Applying the first process and then repeatedly applying the second process will eventually terminate to the desired form with each element of $M'$ divisible by $d.$ This completes the proof of the lemma. $\blacksquare$
It remains to turn this into a classification of finitely generated abelian groups. This follows from the discussion at the beginning along with our classification of subgroups of $\ZZ^n.$
Theorem. Suppose $G$ is finitely generated (of dimension $\le n$) and abelian. Then there exist integers $d_1\mid d_2\mid\cdots\mid d_n$ such that \[G\cong\prod_{k=1}^n\ZZ/d_k\ZZ.\]

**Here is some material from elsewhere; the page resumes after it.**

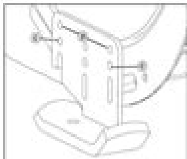
Figure 10-10: Front wheel assembly on side - use position 1 or 2

Because $G$ is finitely generated (of dimension $\le n$) and abelian, we have a surjective homomorphism\[\ZZ^n\to G.\]Let $K$ be the kernel of this homomorphism so that $G\cong\ZZ^n/K$. Because of our work with the Smith normal form, we know that $K$ is isomorphic to a a group of the form $\prod_{k=1}^nd_k\ZZ$ such that $d_1\mid d_2\mid\cdots\mid d_n,$ and even\[G\cong\frac{\ZZ^n}K\cong\frac{\ZZ^n}{d_1\ZZ\times\cdots\times d_n\ZZ}.\]It is a fact that $(A\times B)/(C\times D)\cong A/C\times B/D$ (take $A\times B$ to $A/C\times B/D$ by modding; the kernel is $C\times D$). Applying this inductively gives\[G\cong\prod_{k=1}^n\ZZ/d_k\ZZ.\]Do note that $d_\bullet=0$ is permitted, in which case $\ZZ/0\ZZ\cong\ZZ.$ This is what we wanted, so we are done. $\blacksquare$
I am told this generalizes nicely to general modules over PIDs. I can see where some of the generalization is possible, but the existence of the Smith normal form made heavy use of the division algorithm, which is nontrivially stronger than PID structure. I suspect there are ways to go around the division algorithm, however, by (for example) considering the ideal generated by all elements in a row or column and then extracting its generator.